Dropout randomly sets a fraction of input units to 0 during training, which:
- Prevents co-adaptation of neurons
- Acts as an ensemble of multiple networks
- Reduces overfitting on the training data

**Our Implementation:**
- Dropout rate: 0.3 (30% of neurons dropped)
- Applied after each LSTM layer
- Only active during training (disabled during inference)

#### Why Dropout is Important for This Problem:
1. **High-dimensional input**: 52 sensors can lead to overfitting
2. **Class imbalance**: Model might memorize minority class examples
3. **Limited BROKEN samples**: Only 7 samples make overfitting very likely

In [None]:
# Import TensorFlow and model builder
import tensorflow as tf
from model_builder import build_model, compile_model, get_model_summary

print(f"TensorFlow version: {tf.__version__}")
print(f"GPU available: {len(tf.config.list_physical_devices('GPU')) > 0}")

In [None]:
# Define model configuration
MODEL_CONFIG = {
    'seq_length': 60,           # Number of time steps
    'n_features': 52,           # Number of sensor features
    'lstm_units': [128, 64],    # Units in each LSTM layer
    'dropout_rate': 0.3,        # Dropout rate for regularization
    'n_classes': 3,             # NORMAL, RECOVERING, BROKEN
}

TRAINING_CONFIG = {
    'learning_rate': 0.001,
    'loss': 'focal',            # Use focal loss for imbalanced data
    'focal_loss_gamma': 2.0,
    'clipnorm': 1.0,            # Gradient clipping
}

print("Model Configuration:")
for key, value in MODEL_CONFIG.items():
    print(f"  {key}: {value}")

print("\nTraining Configuration:")
for key, value in TRAINING_CONFIG.items():
    print(f"  {key}: {value}")

In [None]:
# Build the LSTM model
model = build_model(
    seq_length=MODEL_CONFIG['seq_length'],
    n_features=MODEL_CONFIG['n_features'],
    lstm_units=MODEL_CONFIG['lstm_units'],
    dropout_rate=MODEL_CONFIG['dropout_rate'],
    n_classes=MODEL_CONFIG['n_classes']
)

print("Model built successfully!")
print("\n" + "=" * 70)
print("MODEL ARCHITECTURE SUMMARY")
print("=" * 70)
model.summary()

In [None]:
# Compile the model with focal loss and gradient clipping
# First, compute alpha values from class weights for focal loss
alpha_values = compute_alpha_from_weights(class_weights, n_classes=3)
print(f"Focal loss alpha values: {alpha_values}")

model = compile_model(
    model=model,
    learning_rate=TRAINING_CONFIG['learning_rate'],
    loss=TRAINING_CONFIG['loss'],
    focal_loss_gamma=TRAINING_CONFIG['focal_loss_gamma'],
    focal_loss_alpha=alpha_values,
    clipnorm=TRAINING_CONFIG['clipnorm']
)

print("\nModel compiled successfully!")
print(f"  Optimizer: Adam (lr={TRAINING_CONFIG['learning_rate']}, clipnorm={TRAINING_CONFIG['clipnorm']})")
print(f"  Loss: Focal Loss (gamma={TRAINING_CONFIG['focal_loss_gamma']})")
print(f"  Metrics: accuracy")

In [None]:
# Verify model output with a sample input
import numpy as np

# Create a sample input batch
sample_input = np.random.randn(2, MODEL_CONFIG['seq_length'], MODEL_CONFIG['n_features']).astype(np.float32)

# Get predictions
sample_output = model.predict(sample_input, verbose=0)
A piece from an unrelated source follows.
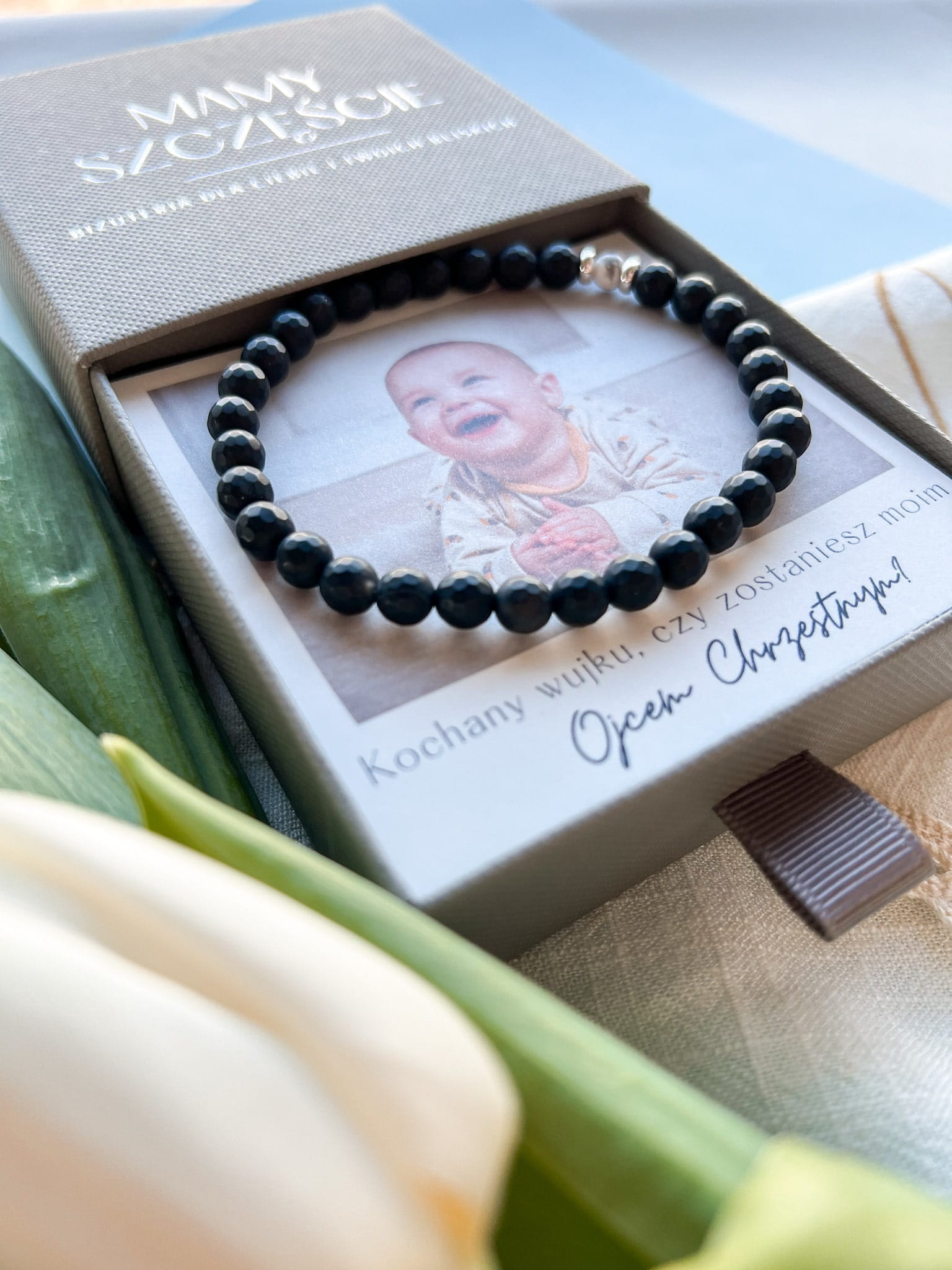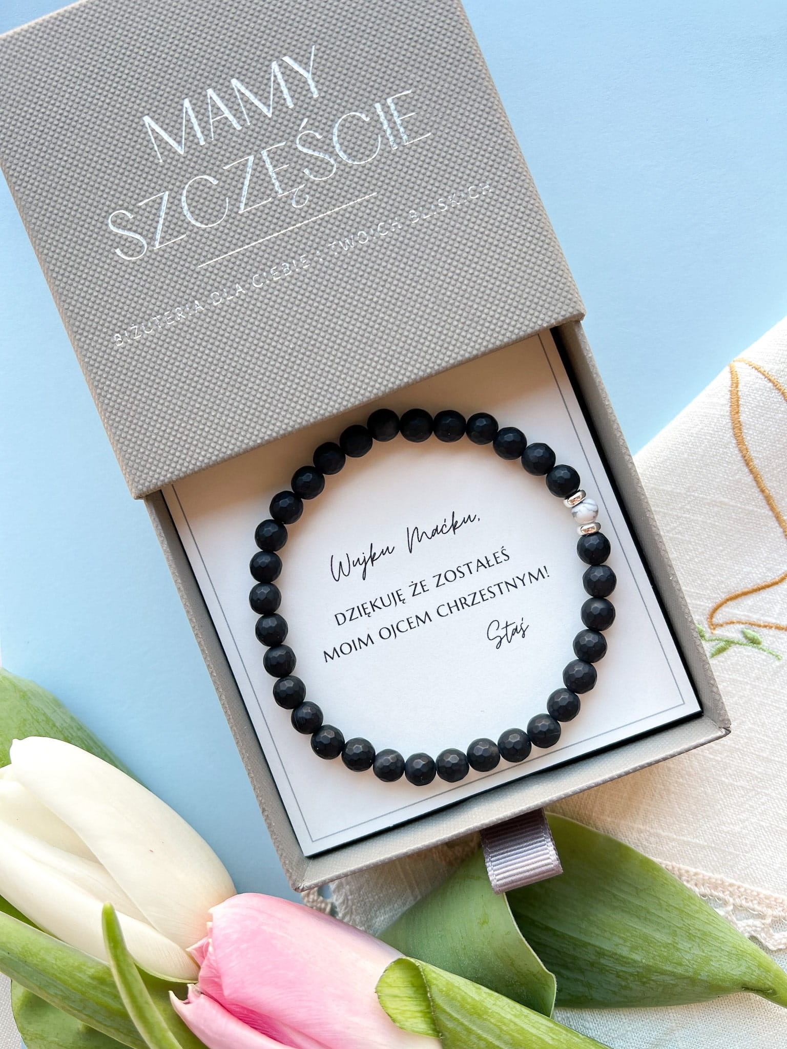 Bransoletka ręcznie robiona z personalizowaną dedykacją to doskonały pomysł na prezent dla Ojca Chrzestnego, ponieważ łączy w sobie unikalność, emocjonalną wartość i styl.

print("Model Output Verification:")
print(f"  Input shape: {sample_input.shape}")
print(f"  Output shape: {sample_output.shape}")
print(f"  Output (probabilities):")
for i, probs in enumerate(sample_output):
    print(f"    Sample {i+1}: NORMAL={probs[0]:.4f}, RECOVERING={probs[1]:.4f}, BROKEN={probs[2]:.4f}")
    print(f"             Sum={probs.sum():.6f} (should be ~1.0)")
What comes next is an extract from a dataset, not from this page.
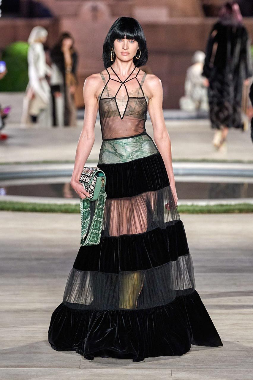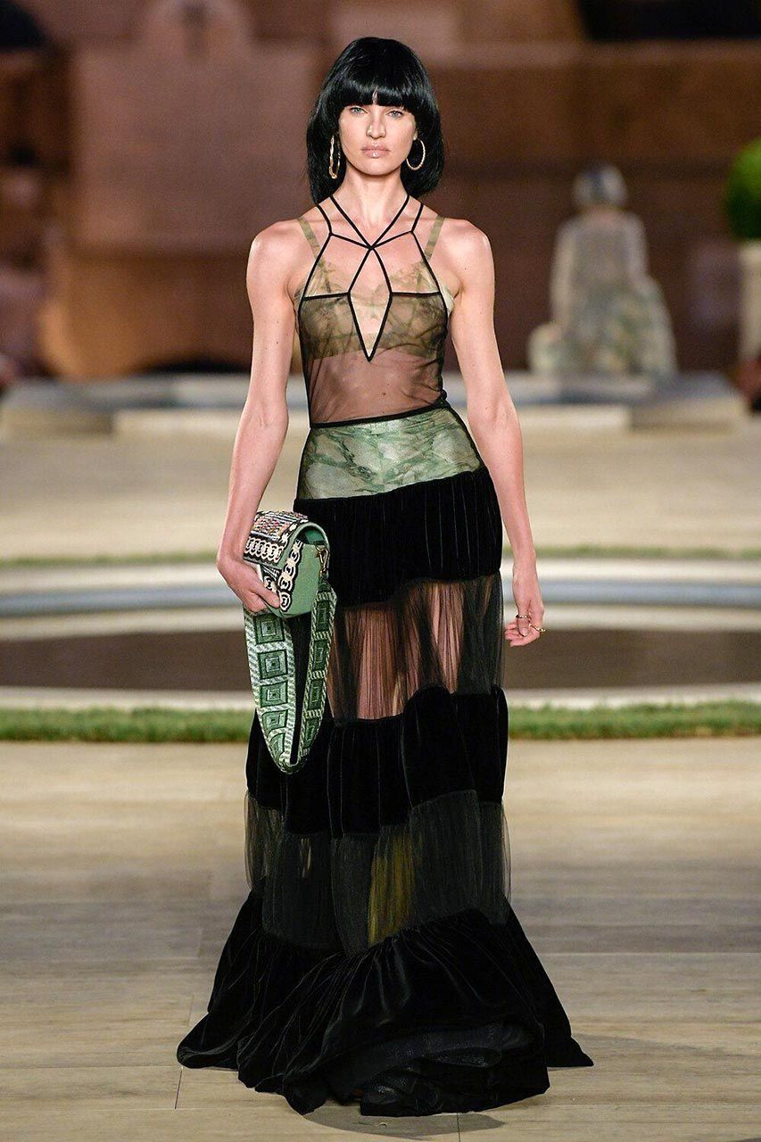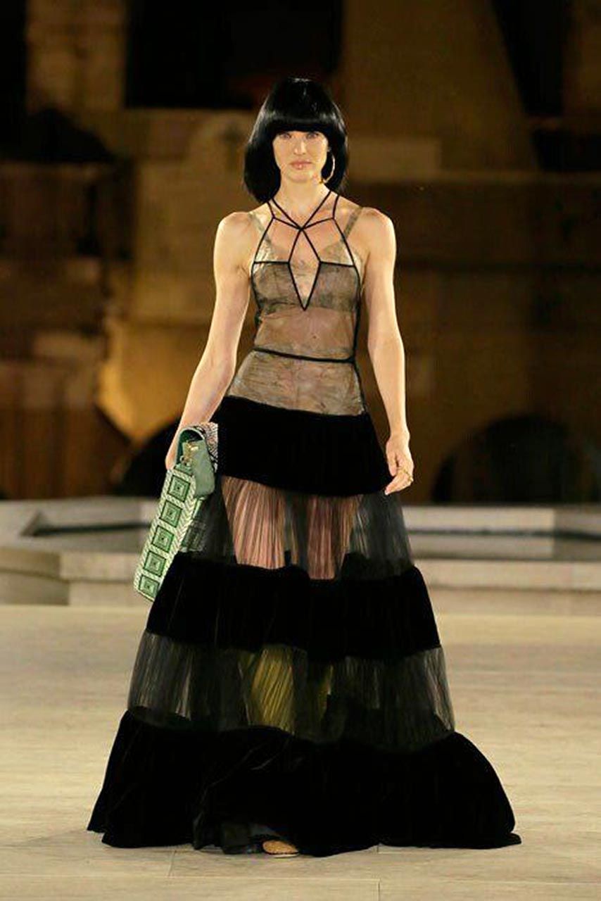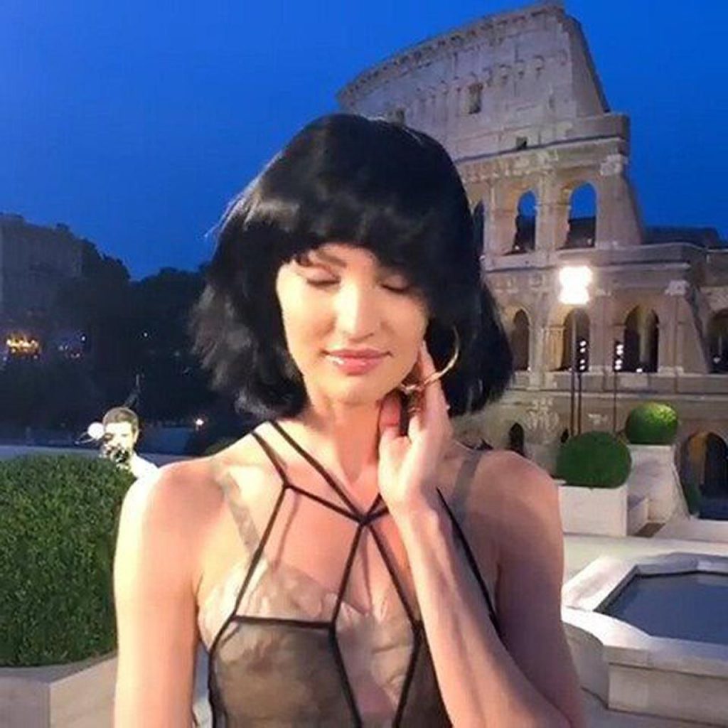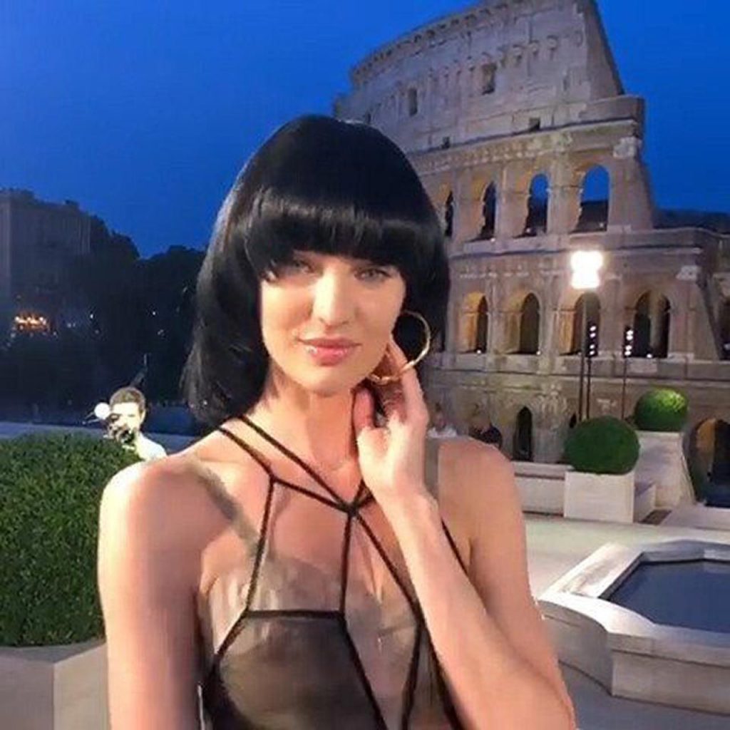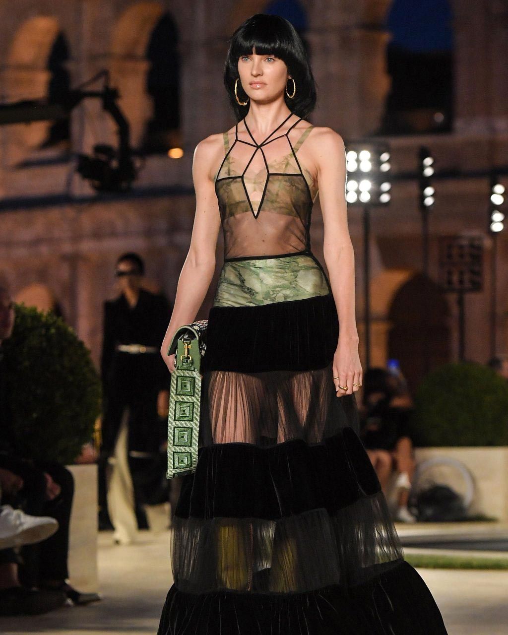 Check out the rare Candice Swanepoel see-through appearance from the runway! Candice was one of the models at the Fendi fashion show in Italy, and she looked like an alien! We like to see Swanepoel with her perfect blonde hair and hot blue eyes; this black wig doesn’t fit her! She wore a transparent dress, and we can see her small nipples here!

### 5.5 Model Architecture Summary

**Total Parameters:** ~144,259
- LSTM Layer 1: 92,672 parameters
- LSTM Layer 2: 49,408 parameters  
- Dense Layer: 2,080 parameters
- Output Layer: 99 parameters

**Key Design Decisions:**

1. **Stacked LSTM Layers**: Two LSTM layers allow the model to learn hierarchical temporal features - the first layer captures low-level patterns, the second captures higher-level abstractions.

2. **Decreasing Units**: 128 → 64 units creates a bottleneck that forces the model to learn compressed representations.

3. **Dropout After Each LSTM**: Prevents overfitting by randomly dropping connections during training.

4. **Softmax Output**: Produces valid probability distributions that sum to 1.0, enabling confidence-based predictions.

5. **Focal Loss**: Addresses extreme class imbalance by focusing on hard-to-classify examples.

6. **Gradient Clipping**: Prevents exploding gradients common in RNN training.